**Provided data:**
○ ○ ○ ○ ○ ○ ○
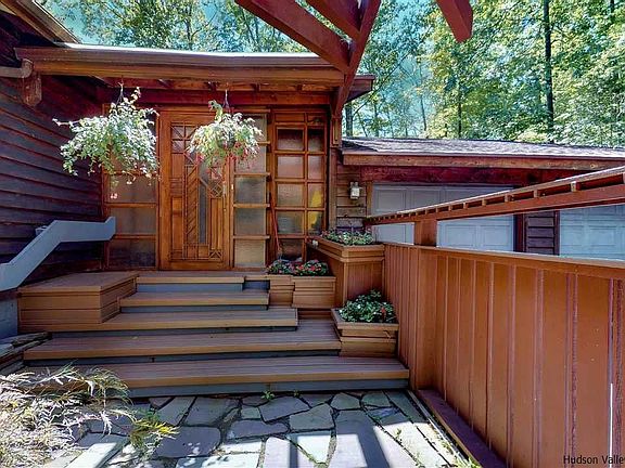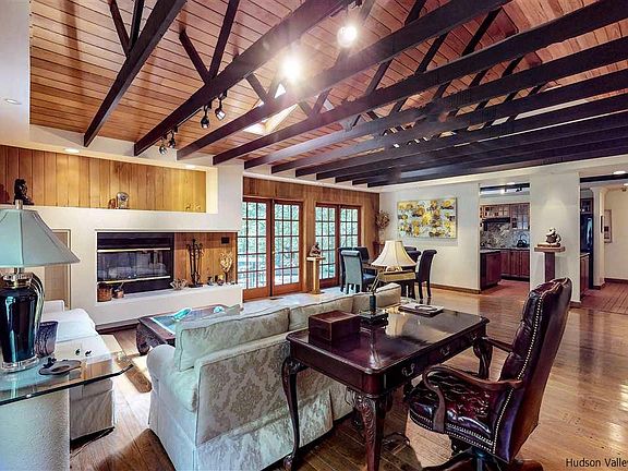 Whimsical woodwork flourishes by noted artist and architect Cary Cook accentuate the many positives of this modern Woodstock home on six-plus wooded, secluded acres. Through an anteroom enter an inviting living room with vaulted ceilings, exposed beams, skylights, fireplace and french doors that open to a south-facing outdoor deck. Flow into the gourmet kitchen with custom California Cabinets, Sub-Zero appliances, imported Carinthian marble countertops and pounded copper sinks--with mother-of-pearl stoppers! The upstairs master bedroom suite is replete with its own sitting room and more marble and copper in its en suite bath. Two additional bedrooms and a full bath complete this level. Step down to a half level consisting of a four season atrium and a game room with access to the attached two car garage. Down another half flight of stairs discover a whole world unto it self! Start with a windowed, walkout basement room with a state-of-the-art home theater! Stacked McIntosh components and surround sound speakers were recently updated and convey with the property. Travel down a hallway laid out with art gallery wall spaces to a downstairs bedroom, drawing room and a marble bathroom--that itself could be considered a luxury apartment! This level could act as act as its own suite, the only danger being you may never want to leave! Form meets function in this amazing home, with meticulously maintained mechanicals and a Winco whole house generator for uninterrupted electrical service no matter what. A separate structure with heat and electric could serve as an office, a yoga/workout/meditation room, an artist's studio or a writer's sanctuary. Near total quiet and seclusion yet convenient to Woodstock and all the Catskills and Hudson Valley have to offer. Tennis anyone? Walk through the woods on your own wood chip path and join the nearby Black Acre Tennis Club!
○ ○ ○ ○ ○ ○ ○
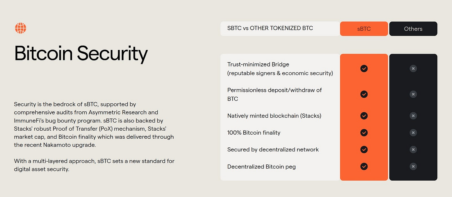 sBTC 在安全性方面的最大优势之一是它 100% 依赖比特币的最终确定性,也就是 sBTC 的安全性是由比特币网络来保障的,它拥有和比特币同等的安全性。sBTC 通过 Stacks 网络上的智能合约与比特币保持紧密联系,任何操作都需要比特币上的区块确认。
○ ○ ○ ○ ○ ○ ○
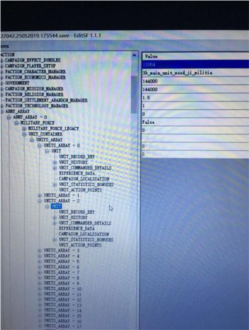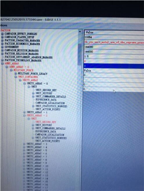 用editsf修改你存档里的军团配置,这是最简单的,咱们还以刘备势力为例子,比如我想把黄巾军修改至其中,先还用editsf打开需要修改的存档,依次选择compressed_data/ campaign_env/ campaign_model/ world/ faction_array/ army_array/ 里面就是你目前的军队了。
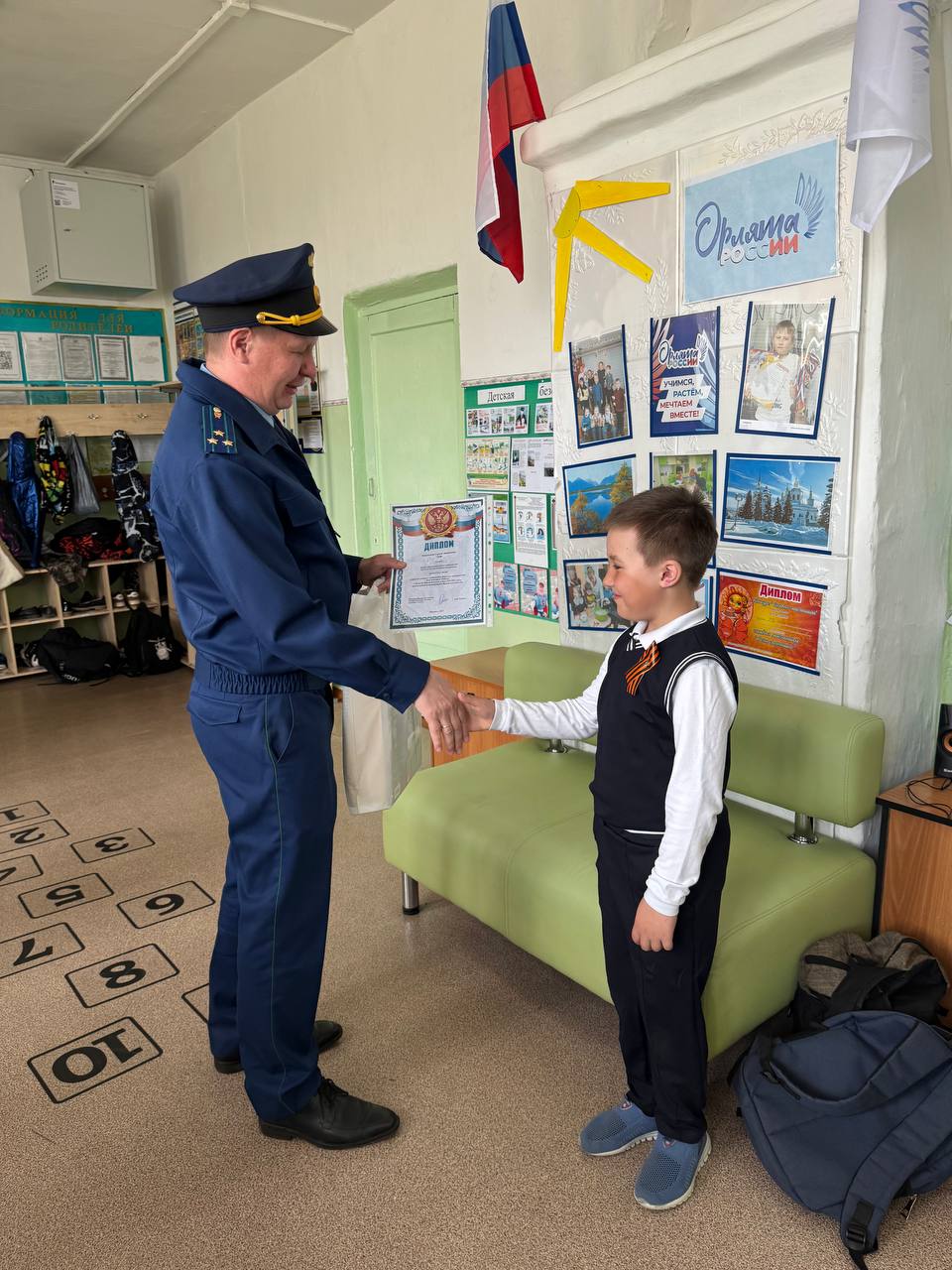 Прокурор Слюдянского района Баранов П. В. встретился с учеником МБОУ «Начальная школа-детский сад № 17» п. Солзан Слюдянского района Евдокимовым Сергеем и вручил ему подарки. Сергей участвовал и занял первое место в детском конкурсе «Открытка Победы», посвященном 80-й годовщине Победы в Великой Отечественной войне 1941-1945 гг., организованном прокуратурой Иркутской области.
○ ○ ○ ○ ○ ○ ○
Return only the part above that opens with the line containing "faction_array/ army_array/ 里面就是你目前的军队了。" and closes with the line containing "Прокурор Слюдянского района", exactly and with both ends, skipping the pictures.

 用editsf修改你存档里的军团配置,这是最简单的,咱们还以刘备势力为例子,比如我想把黄巾军修改至其中,先还用editsf打开需要修改的存档,依次选择compressed_data/ campaign_env/ campaign_model/ world/ faction_array/ army_array/ 里面就是你目前的军队了。
 Прокурор Слюдянского района Баранов П. В. встретился с учеником МБОУ «Начальная школа-детский сад № 17» п. Солзан Слюдянского района Евдокимовым Сергеем и вручил ему подарки. Сергей участвовал и занял первое место в детском конкурсе «Открытка Победы», посвященном 80-й годовщине Победы в Великой Отечественной войне 1941-1945 гг., организованном прокуратурой Иркутской области.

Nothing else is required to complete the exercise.